I was wondering about rounding issues. I don’t want to round down so this is what I’m now using (also with calAverage being defined as double instead of int):

``calAverage = round(count/40)``

This is a much better solution because the average is more accurate.

You’re correct about “there might be a trailing or leading empty line” because it always depends what’s in the serial buffer at the time the sample is taken. I think my solution of averaging elements 5 through 44 works fine, this part of the software is not critical, although having a larger number would be more accurate.

So if I went with the Ubound suggestion, would this part of the code be correct:

[code]calibrationArray = tempBuffer.Trim.Split(EndOfLine.Windows)

dim x, count as Integer
dim calAverage as Double

for i as integer = 0 to calibrationArray.Ubound
x = val(calibrationArray(i))
count = count + x
next

calAverage = round(count / (calibrationArray.Ubound+1))[/code]

I’m not 100% about that last line of code. (calibrationArray.Ubound+1) should give me the correct number of elements to divide by? I guess I should just test it.
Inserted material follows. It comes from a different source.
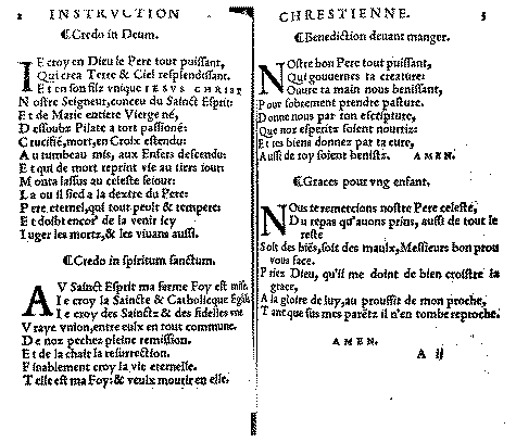 In 1533 (a kind of Evangelical Wonder Year in France with the King’s Sister Marguerite in charge in Paris and the Lenten sermons of Gérard Roussel in the Louvre) Clément Marot started to supply the Evangelical movement with some basic religious texts in the vernacular. The first specimen appeared in a Lyonnese reprint of the first collection Marot’s poetical Works (L’Adolescence clementine)> The first - official -edition had appeared in Paris in 1532 and was a huge success. François Juste, a Lyonnese printer, also published this popular book on 23 February 1533 and added some extra material: a verse translation of the Lord’s Prayer and the Creed (in two parts) "Les Articles de la Foy", introduced by the publisher as Le Pater noster, et le Credo en francoys faict et traduict par ledict. C.M. et offert na guyeres a la Royne de Navarre.[1]This edition was not ‘officially’ supervised by Marot. To these two fundamental texts Juste added a prayer before dinner, Benediction devant manger (“Nostre bon Pere tout puissant”) in a reissue of L'Adolescence clementine at 12 July 1533, the ensemble now being introduced as Foy d’ung chrestien.[2] Marot’s authorship is only established for the Creed and the Lord’s Prayer, since he himself included them in later editons. The prandial prayer he never republished although in clandestine editions they were retained. Quite a common practice in the 16th century, resulting in insolvable questions about authorship. For the 16th century reader they were Marot’s. This prayer was put to music by Crispel. About the same time the same prayers (Creed, Lord’s Prayers, Benediction) appeared in print as the last part of a curious amalgam of Evangelical epistles dealing with prayer, published in Paris by Antoine Augereau: Epistre familiere de prier Dieu. Aultre epistre familiere d’aymer chrestiennement, followed by a tract dealing with the proper way to write French: Briefve doctrine pour deuement escripre selon la propriete du langaige francoys. The the title of the prayer section in this publication is L’Instruction et Foy ung Chrestien. [3] Still in 1533 the same printer, Antoine Augereau, (re-)issued Marguerite’s devotional book: Miroir de l’ame pecheresse three times, first anonymously, afterwards openly and in an expanded version with Marot’s verse translation of Psalm 6 at the end (for the first time in de second Augereau print of 1533. At the same time,he reissued the mixed treatise about prayer and orthography not only expanding the orthographic tract but also adding two new prayers to the Instruction: a French translation of the ‘Ave Maria, La Salutation Angelique",the Angelic Greeting (“Esjouys toy Vierge Marie”)[4] and a Graces pour ung enfant; a postprandial prayer (“Nous te remercions nostre Pere celeste”). This edition of the Epistres–Doctrine–Instruction appeared in December 1533. It was reprinted shortly afterwards.[5] This substantial production and publication of devotional texts reveals that Marot in 1533 was actively involved in the Evangelical movement around Marguerite d’Alençon (later to become Queen of Navarre). Enlarged with Psalm 6, the Instruction et Foy d'ung chrestien" (1533) was integrated in the second edition of La Suite de l'Adolescence clementine, even figuring prominently at its beginning(Paris, Veuve P. Roffet, 1534; Mayer n° 17). It got a title: Instruction Chrestienne. Since it is not sure whether Marot really authorized this edition, there is no conclusive evidence of authorship:

The EndOfLine constant is just a stand-in for characters that comprise the default EOL on the current platform, but it seems your data is consistently using CR/LF independent on the software host, so EndOfLine.Windows will split your data consistently across all platforms.
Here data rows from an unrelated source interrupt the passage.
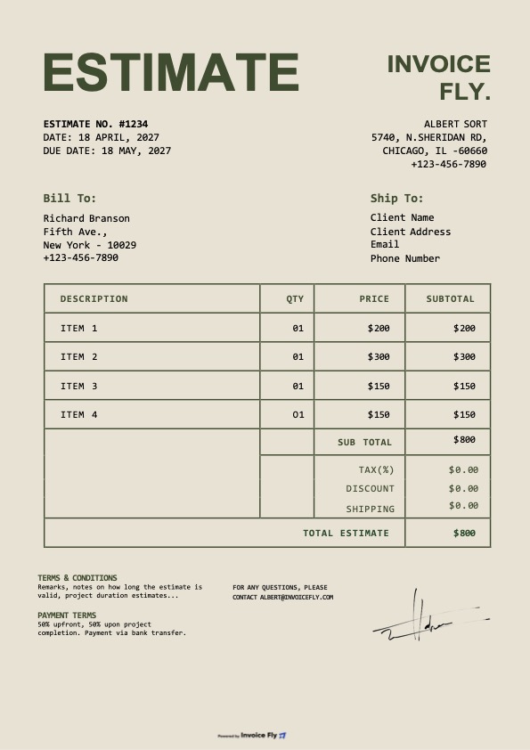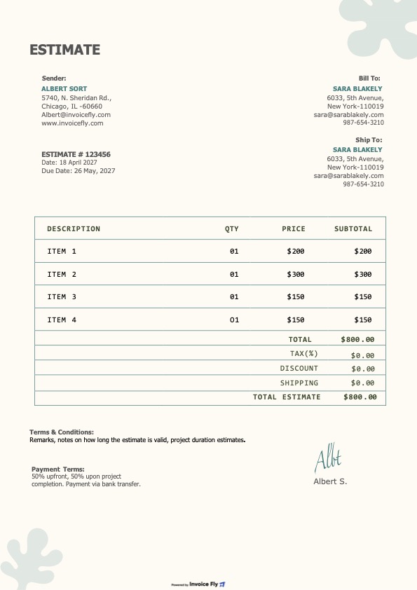 - Review the final estimate, add your terms, expiration date, and a short note
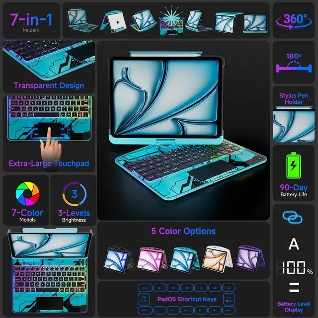 360 Rotatable Stand AND 7 Viewing Angles Effortlessly pivot your iPad for typing, working, sketching, watching videos, or video calls. The sturdy stand provides a secure hold in any position for optimal comfort and productivity.
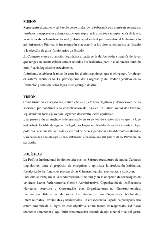 fortaleciendo las funciones propias de las Cámaras: legislar, representar y controlar.
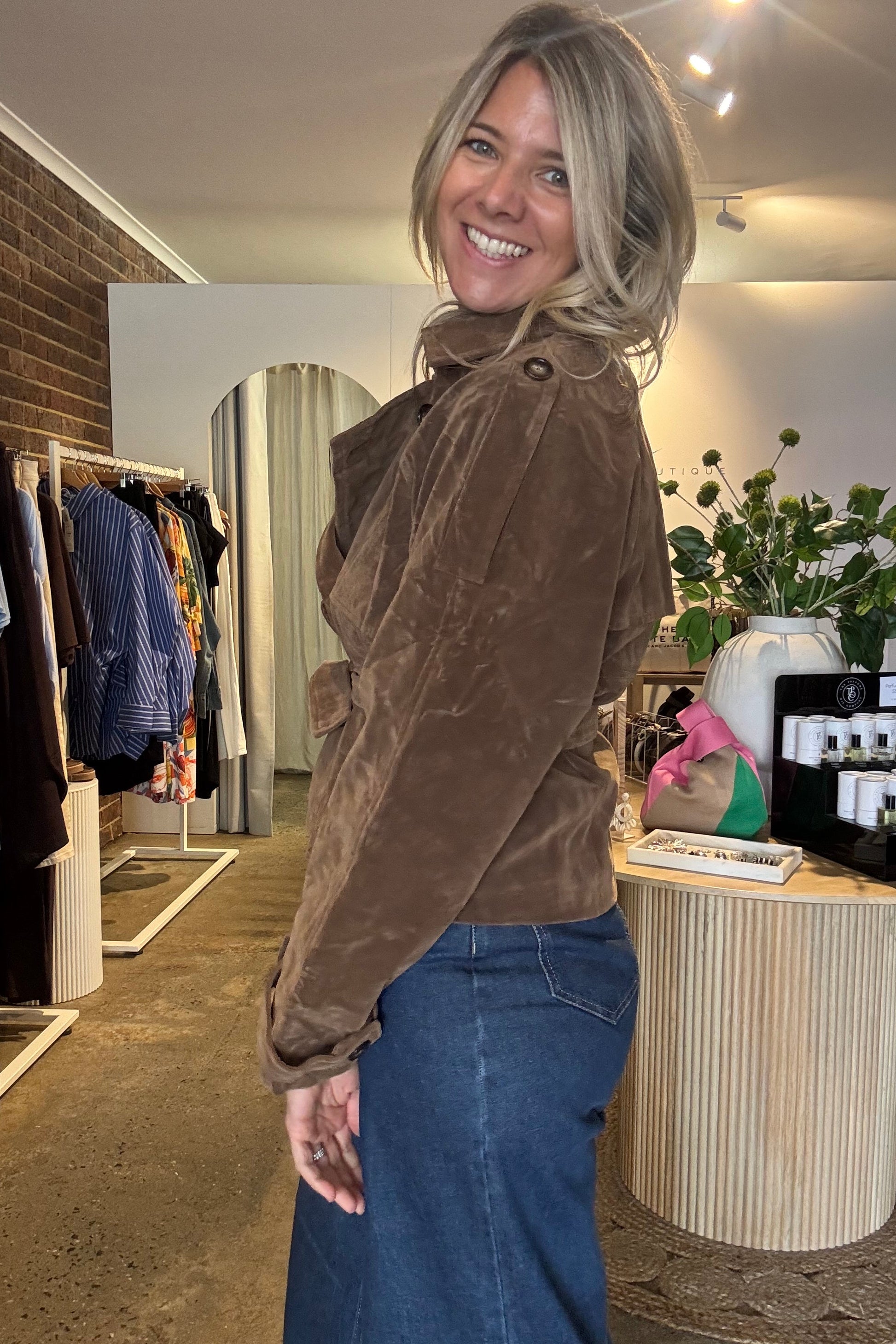 Elevate your outerwear game with our Suede-Look Cropped Trench Jacket — a modern twist on the timeless trench silhouette. Designed to bring effortless polish to any outfit, this jacket blends classic trench detailing with a contemporary cropped cut for a look that’s both refined and fashion-forward.

If you want to avoid all doubt, do this:

``````tempBuffer = ReplaceLineEndings( tempBuffer.Trim, EndOfLine )
calibrationArray = tempBuffer.Split( EndOfLine )``````

This will ensure that you know exactly which EOL character is used by replacing them with the current platform EOL. The Split will then look for that EOL to do its work. The specific EOL character(s) used becomes irrelevant.

As for the rest of the code and your use of a double and Ubound, it looks good. Yes, adding 1 to Ubound is the right move since that will give you the true 1-based count of elements, and that’s what you want for an average.